- _Data shown_:
* * * *

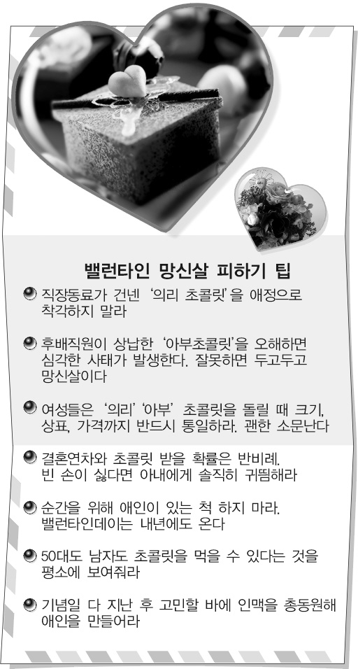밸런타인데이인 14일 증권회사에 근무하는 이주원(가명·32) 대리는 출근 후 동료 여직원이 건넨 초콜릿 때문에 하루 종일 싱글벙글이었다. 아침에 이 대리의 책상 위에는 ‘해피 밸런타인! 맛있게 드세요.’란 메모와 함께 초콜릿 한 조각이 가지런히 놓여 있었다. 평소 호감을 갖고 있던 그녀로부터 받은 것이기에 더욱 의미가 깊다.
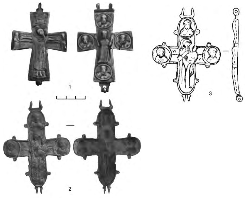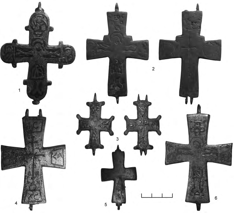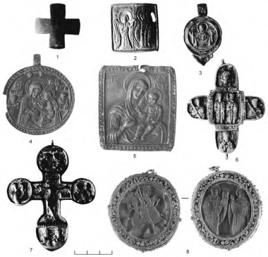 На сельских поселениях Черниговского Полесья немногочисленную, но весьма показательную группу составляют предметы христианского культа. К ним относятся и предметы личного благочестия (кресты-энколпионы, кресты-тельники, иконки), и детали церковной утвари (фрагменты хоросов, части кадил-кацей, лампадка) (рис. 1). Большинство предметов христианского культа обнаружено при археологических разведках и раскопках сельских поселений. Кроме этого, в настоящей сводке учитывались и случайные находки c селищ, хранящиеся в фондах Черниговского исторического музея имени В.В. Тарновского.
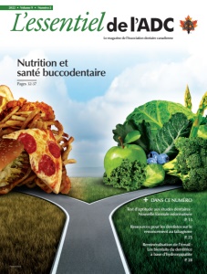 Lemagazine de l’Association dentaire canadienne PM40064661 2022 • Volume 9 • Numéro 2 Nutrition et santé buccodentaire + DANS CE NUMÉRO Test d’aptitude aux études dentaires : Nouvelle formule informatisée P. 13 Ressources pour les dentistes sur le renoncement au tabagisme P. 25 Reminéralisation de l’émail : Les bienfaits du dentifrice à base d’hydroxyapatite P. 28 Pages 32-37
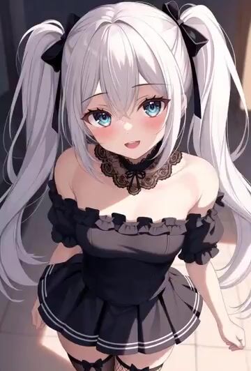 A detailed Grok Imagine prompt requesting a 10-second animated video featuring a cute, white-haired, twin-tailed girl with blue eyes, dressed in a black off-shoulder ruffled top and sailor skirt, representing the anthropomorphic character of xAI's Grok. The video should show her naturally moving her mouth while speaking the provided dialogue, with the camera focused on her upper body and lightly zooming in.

* * * *

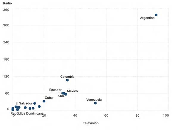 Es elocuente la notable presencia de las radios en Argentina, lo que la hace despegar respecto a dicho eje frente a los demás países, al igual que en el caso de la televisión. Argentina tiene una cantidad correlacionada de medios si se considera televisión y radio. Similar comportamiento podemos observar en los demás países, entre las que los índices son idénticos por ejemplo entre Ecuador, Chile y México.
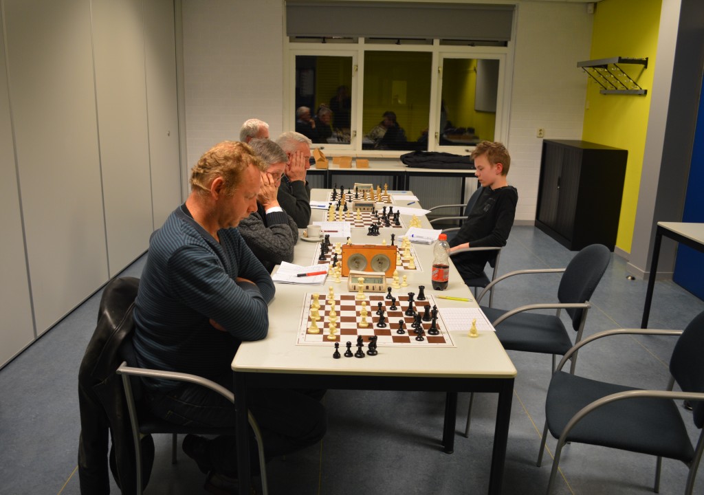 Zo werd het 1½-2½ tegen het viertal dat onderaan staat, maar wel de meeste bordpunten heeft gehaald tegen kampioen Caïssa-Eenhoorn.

* * * *

- _Work order_: Pictures aside, print exactly the lines above starting with the one containing "밸런타인데이인 14일 증권회사에" and going on through the one containing "A detailed Grok".

- _Reply to the exercise_:
밸런타인데이인 14일 증권회사에 근무하는 이주원(가명·32) 대리는 출근 후 동료 여직원이 건넨 초콜릿 때문에 하루 종일 싱글벙글이었다. 아침에 이 대리의 책상 위에는 ‘해피 밸런타인! 맛있게 드세요.’란 메모와 함께 초콜릿 한 조각이 가지런히 놓여 있었다. 평소 호감을 갖고 있던 그녀로부터 받은 것이기에 더욱 의미가 깊다.
 На сельских поселениях Черниговского Полесья немногочисленную, но весьма показательную группу составляют предметы христианского культа. К ним относятся и предметы личного благочестия (кресты-энколпионы, кресты-тельники, иконки), и детали церковной утвари (фрагменты хоросов, части кадил-кацей, лампадка) (рис. 1). Большинство предметов христианского культа обнаружено при археологических разведках и раскопках сельских поселений. Кроме этого, в настоящей сводке учитывались и случайные находки c селищ, хранящиеся в фондах Черниговского исторического музея имени В.В. Тарновского.
 Lemagazine de l’Association dentaire canadienne PM40064661 2022 • Volume 9 • Numéro 2 Nutrition et santé buccodentaire + DANS CE NUMÉRO Test d’aptitude aux études dentaires : Nouvelle formule informatisée P. 13 Ressources pour les dentistes sur le renoncement au tabagisme P. 25 Reminéralisation de l’émail : Les bienfaits du dentifrice à base d’hydroxyapatite P. 28 Pages 32-37
 A detailed Grok Imagine prompt requesting a 10-second animated video featuring a cute, white-haired, twin-tailed girl with blue eyes, dressed in a black off-shoulder ruffled top and sailor skirt, representing the anthropomorphic character of xAI's Grok. The video should show her naturally moving her mouth while speaking the provided dialogue, with the camera focused on her upper body and lightly zooming in.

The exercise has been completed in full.